Your assignment => Your answer must be the lines from the top of the listing below through the line that holds "Clan Craig crest", retyped exactly, with no pictures.

§ §

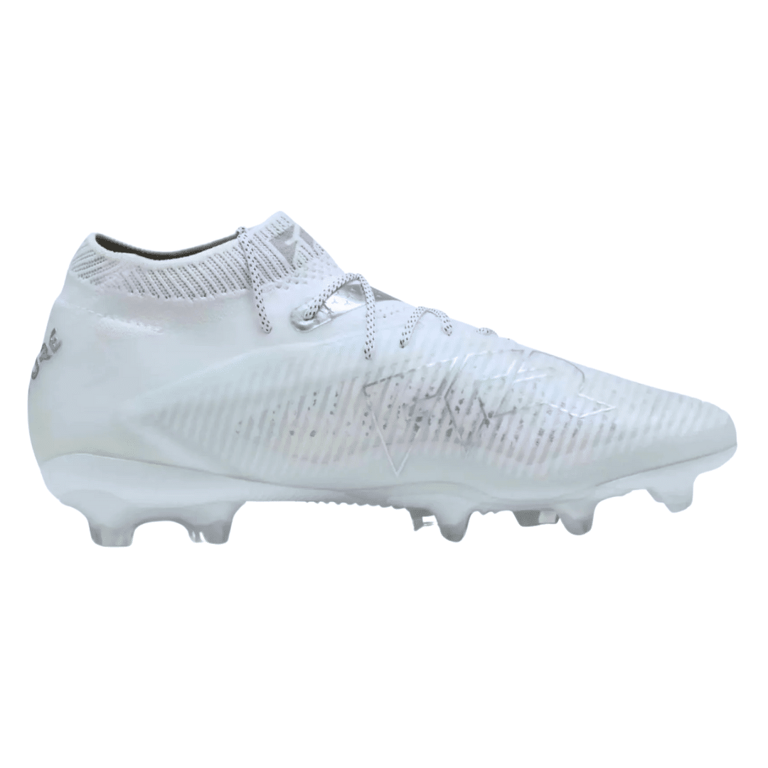The Puma Future is a fairly affordable top-end football boot that offers great comfort. It features a soft, flexible knit upper and Fusion Fit 360 technology for a sock-like fit. The boot includes a power tape across the midfoot for improved lockdown. However, the heel lacks structure, leading to a less secure fit in that area. With a combination of bladed and conical studs, it is designed for firm ground natural grass. At around $220, it provides excellent value compared to more expensive models. It offers similar features to higher-end boots but with some trade-offs in lockdown. This boot is ideal for players seeking comfort, flexibility, and a sock-like feel.
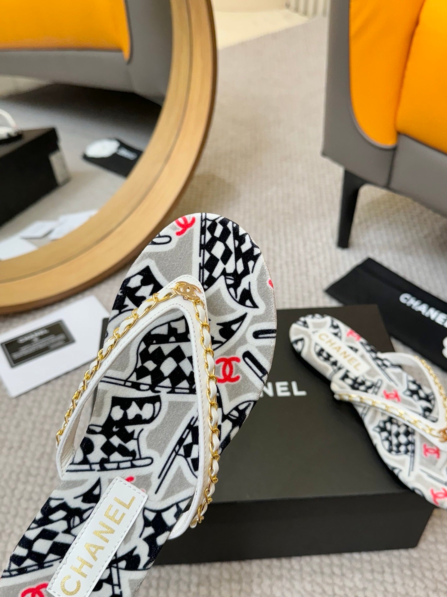 CC Chain Strap Thong Slippers Multicolor Cloth Sheepskin Velvet 305867
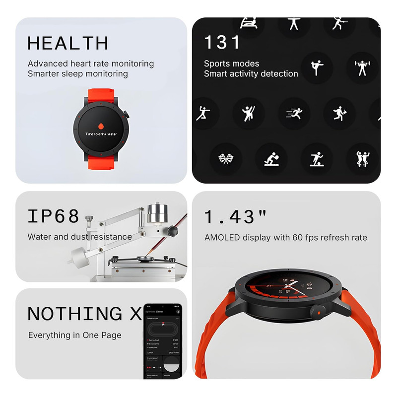 سایر مشخصات صفحه نمایش : صفحه نمایش 1.43 اینچی از نوع Amoled با رزولوشن 466x466 پیکسل و تراکم پیکسلی 326 پیکسل در هر اینچ
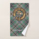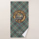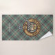 Clan Craig crest badge surrounded by a strap and buckle over tartan background. Custom text on each towel.
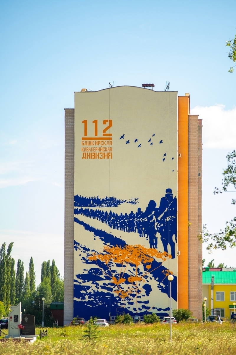 Фестиваль уличного искусства ПФО «ФормАрт» объединяет молодых художников, которые создают современное и комфортное городское пространство. В этом году основное внимание было уделено теме защиты Родины, памяти о Великой Отечественной войне и подвигах героев нашего времени. В городе Агидель, на фасаде десятиэтажного здания, появилась работа художника из Башкортостана Кирилла Ильина под названием «Всадники». Этот монументальный мурал посвящён воинам легендарной 112-й Башкирской кавалерийской дивизии. В центре композиции изображены кавалеристы, возглавляемые генерал-майором Минигали Шаймуратовым. Работа имеет особое значение для города, так как после войны здесь жил Герой Советского Союза Абдулла Файзрахманович Шагиев, один из бойцов этой дивизии. Как проголосовать: Голосование продлится до 15 сентября – принять участие может каждый. Фото Источник: https://mgazeta.com/news/novosti/2025-08-29/startovalo-narodnoe-golosovanie-za-luchshiy-mural-formart-2025-4366400?utm_source=e.mail.ru&utm_med
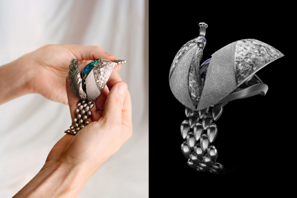 第三款为“ÉtablisseursPeacock雀影羽翎”腕表,以精巧华丽的设计,重释隐秘式时计的隽永魅力。腕表闭合时,呈现以白金精雕细琢的甲虫造型;轻轻一按,其翅膀与头部徐徐展开,一只手工打造的微型孔雀随即显现于眼前。双翼之间展露出一枚手工精雕的半透明珐琅表盘,象征孔雀的华丽尾羽。表盘上的视窗呈现由Calibre 3098机芯驱动的拖曳式小时显示。此款机芯以经典的Calibre 3090机芯为基础,专为新款腕表特别构思研制,并采用手工雕刻放射纹装饰。腕表搭配柔韧的白金链带,由数十枚精心雕刻的镂空羽毛造型链节组成。珠宝工艺大师、珐琅大师、雕刻大师与制表师通力协作,打造出这件时计杰作。孔雀双眸镶嵌彩色宝石,为整体设计更添华贵神韵。此款作品将于2027年推出三种不同款式。
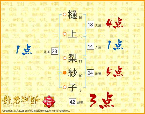 樋(15画)上(3画) 梨(11画)紗(10画)子(3画)
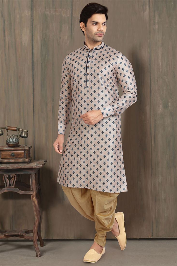 Cream Color Art Silk Fabric Sangeet Wear Elegant Printed Kurta Pyjama
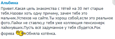 А есть ли шанс на матюрку у маминой корзинки (меня) ? Да и что им писать, о чем с ними разговаривать, как расположить к себе? Написал тут нескольким теткам, типа "Привет, ты прекрасна, я немного младше, но просто горю желанием познакомиться" и подобное. Некоторые даже отвечают, просят рассказать о себе и тд. а дальше у меня ступор, я трясусь и не знаю, что дальше писать. Иногда кажется, что если бы они меня сразу посылали, то было бы проще.

§ §

Answer section =>
The Puma Future is a fairly affordable top-end football boot that offers great comfort. It features a soft, flexible knit upper and Fusion Fit 360 technology for a sock-like fit. The boot includes a power tape across the midfoot for improved lockdown. However, the heel lacks structure, leading to a less secure fit in that area. With a combination of bladed and conical studs, it is designed for firm ground natural grass. At around $220, it provides excellent value compared to more expensive models. It offers similar features to higher-end boots but with some trade-offs in lockdown. This boot is ideal for players seeking comfort, flexibility, and a sock-like feel.
 CC Chain Strap Thong Slippers Multicolor Cloth Sheepskin Velvet 305867
 سایر مشخصات صفحه نمایش : صفحه نمایش 1.43 اینچی از نوع Amoled با رزولوشن 466x466 پیکسل و تراکم پیکسلی 326 پیکسل در هر اینچ
 Clan Craig crest badge surrounded by a strap and buckle over tartan background. Custom text on each towel.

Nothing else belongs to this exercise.